## EXERCISE DETAILS
Return the whole listing exactly, omitting the pictures.

== DATASET EXCERPT ==

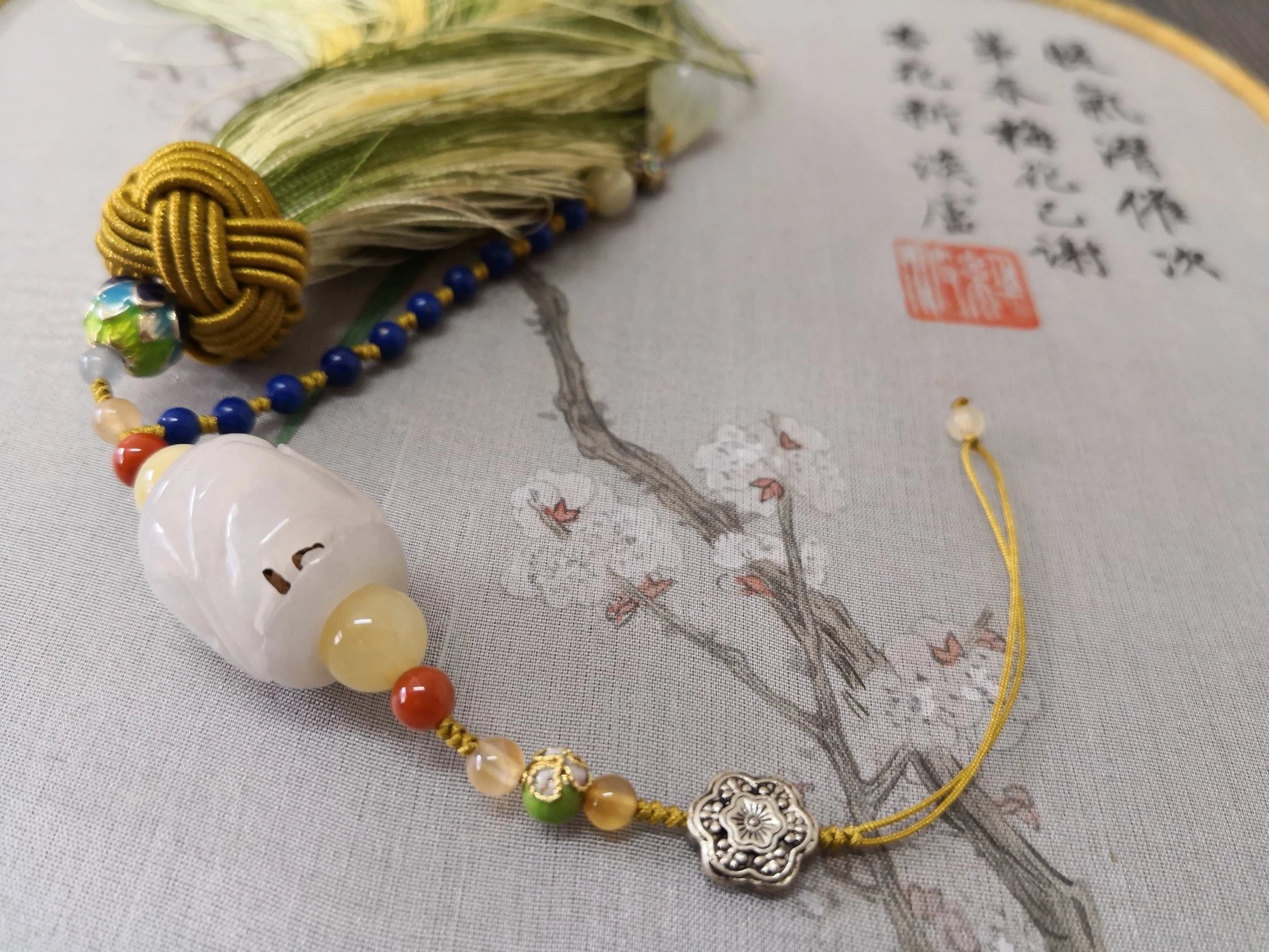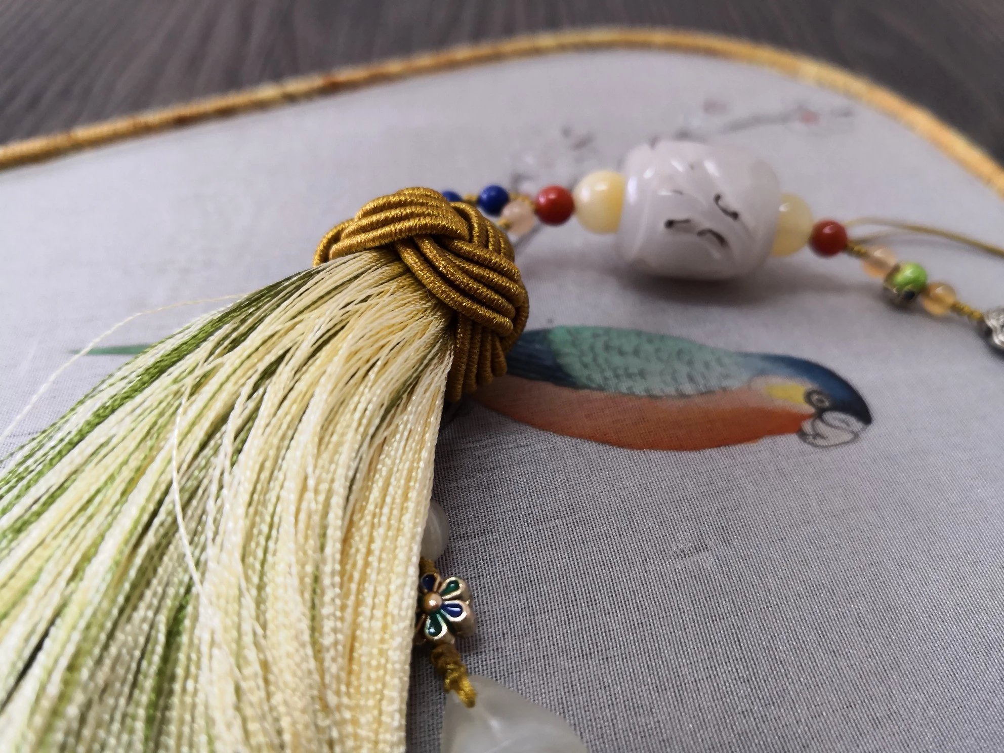 还有流苏。流苏亦是用丝线手工一丝丝、慢条斯理打成形的。
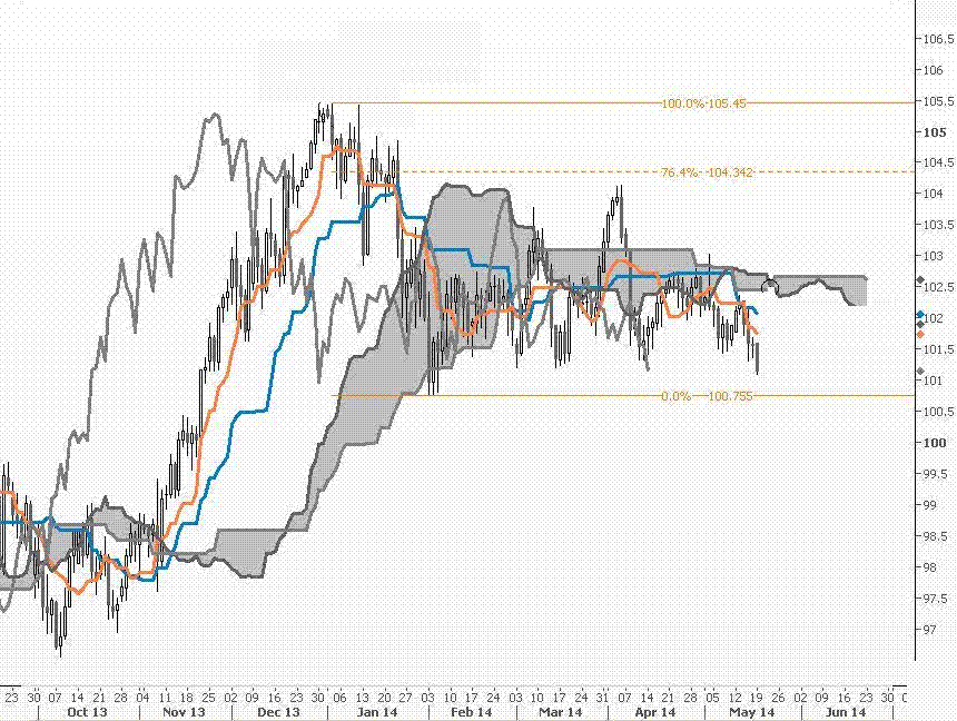 در شرایط حاضر، انتظار داریم روند کاهشی دلار در برابر ین ژاپن باز هم ادامه داشته باشد و عبور قیمت از سطح ۱۰۱٫۰۰ به ترتیب هدفهای ۱۰۰٫۷۶ (پایین ترین سطح روز ۴ فوریه ۲۰۱۴) و ۱۰۰٫۶۳ (پایین ترین سطح روز ۱۱ سپتامبر ۲۰۱۳ و خط فیبوناچی ۵۰ درصدی) را مشخص می کند.
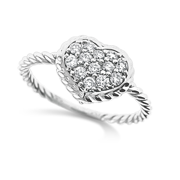 Diamond Heart Ring with Twisted Band in 14k with 13 Diamonds weighing .27ct tw.

===

## ANSWER AREA
 还有流苏。流苏亦是用丝线手工一丝丝、慢条斯理打成形的。
 در شرایط حاضر، انتظار داریم روند کاهشی دلار در برابر ین ژاپن باز هم ادامه داشته باشد و عبور قیمت از سطح ۱۰۱٫۰۰ به ترتیب هدفهای ۱۰۰٫۷۶ (پایین ترین سطح روز ۴ فوریه ۲۰۱۴) و ۱۰۰٫۶۳ (پایین ترین سطح روز ۱۱ سپتامبر ۲۰۱۳ و خط فیبوناچی ۵۰ درصدی) را مشخص می کند.
 Diamond Heart Ring with Twisted Band in 14k with 13 Diamonds weighing .27ct tw.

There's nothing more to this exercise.